Supplied data section start

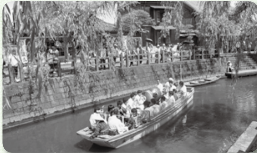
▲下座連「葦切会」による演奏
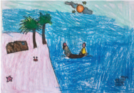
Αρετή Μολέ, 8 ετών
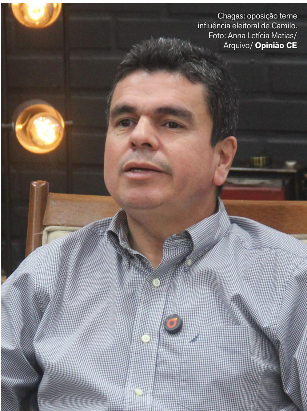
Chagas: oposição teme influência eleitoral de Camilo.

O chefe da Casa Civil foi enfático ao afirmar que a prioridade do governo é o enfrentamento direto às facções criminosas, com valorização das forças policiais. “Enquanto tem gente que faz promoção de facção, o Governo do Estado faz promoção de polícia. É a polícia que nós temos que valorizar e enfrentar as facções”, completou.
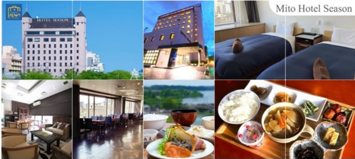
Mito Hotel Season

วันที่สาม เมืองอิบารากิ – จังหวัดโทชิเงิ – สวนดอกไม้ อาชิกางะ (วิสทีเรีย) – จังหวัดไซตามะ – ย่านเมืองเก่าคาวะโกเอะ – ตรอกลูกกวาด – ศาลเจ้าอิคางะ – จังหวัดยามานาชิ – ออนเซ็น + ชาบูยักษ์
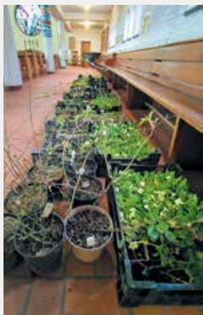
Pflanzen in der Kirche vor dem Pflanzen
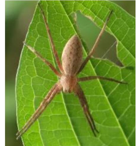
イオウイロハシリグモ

Supplied data section end
Supplied data section start

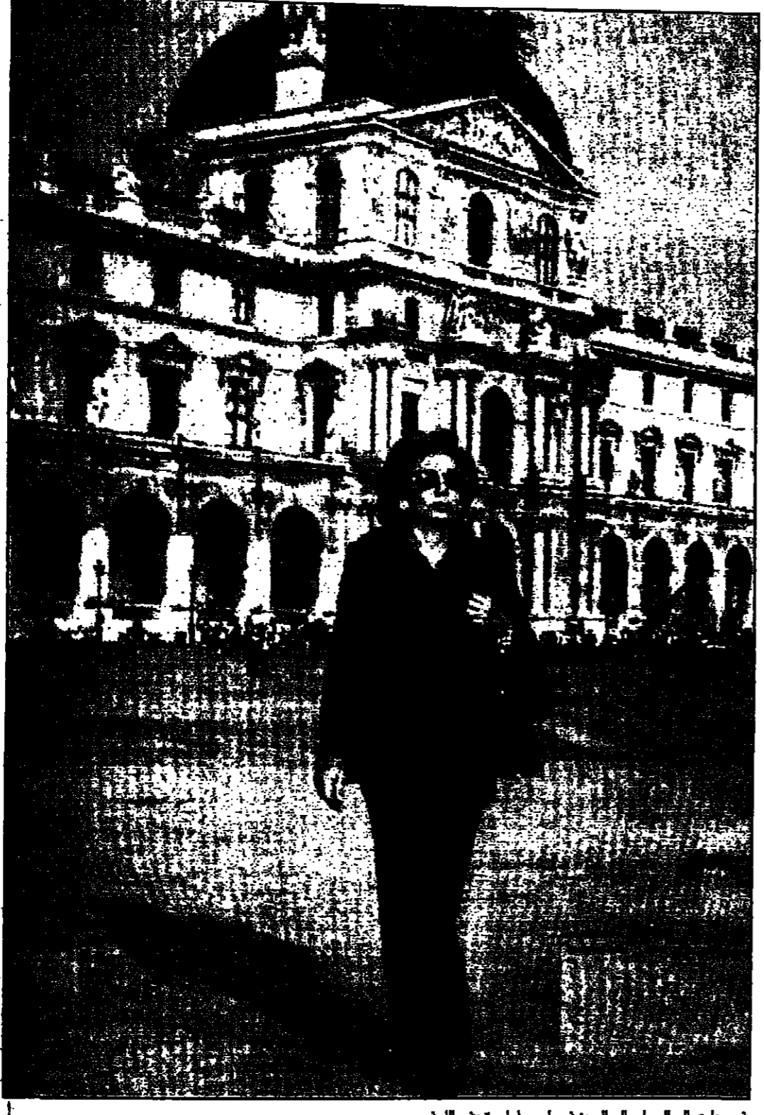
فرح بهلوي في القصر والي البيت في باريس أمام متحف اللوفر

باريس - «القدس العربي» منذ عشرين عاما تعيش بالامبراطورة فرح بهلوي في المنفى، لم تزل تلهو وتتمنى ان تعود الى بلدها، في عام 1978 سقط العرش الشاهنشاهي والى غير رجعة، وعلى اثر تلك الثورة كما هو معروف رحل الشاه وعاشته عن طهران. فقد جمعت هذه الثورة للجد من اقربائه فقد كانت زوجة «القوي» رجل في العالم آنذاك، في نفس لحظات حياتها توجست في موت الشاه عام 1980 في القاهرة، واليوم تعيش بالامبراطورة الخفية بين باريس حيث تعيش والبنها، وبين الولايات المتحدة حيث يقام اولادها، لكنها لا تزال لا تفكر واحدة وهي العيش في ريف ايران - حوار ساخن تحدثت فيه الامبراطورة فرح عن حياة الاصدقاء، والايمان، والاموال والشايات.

Supplied data section end

Extract all lines from the data in which "بهلوي" is found.

فرح بهلوي في القصر والي البيت في باريس أمام متحف اللوفر
باريس - «القدس العربي» منذ عشرين عاما تعيش بالامبراطورة فرح بهلوي في المنفى، لم تزل تلهو وتتمنى ان تعود الى بلدها، في عام 1978 سقط العرش الشاهنشاهي والى غير رجعة، وعلى اثر تلك الثورة كما هو معروف رحل الشاه وعاشته عن طهران. فقد جمعت هذه الثورة للجد من اقربائه فقد كانت زوجة «القوي» رجل في العالم آنذاك، في نفس لحظات حياتها توجست في موت الشاه عام 1980 في القاهرة، واليوم تعيش بالامبراطورة الخفية بين باريس حيث تعيش والبنها، وبين الولايات المتحدة حيث يقام اولادها، لكنها لا تزال لا تفكر واحدة وهي العيش في ريف ايران - حوار ساخن تحدثت فيه الامبراطورة فرح عن حياة الاصدقاء، والايمان، والاموال والشايات.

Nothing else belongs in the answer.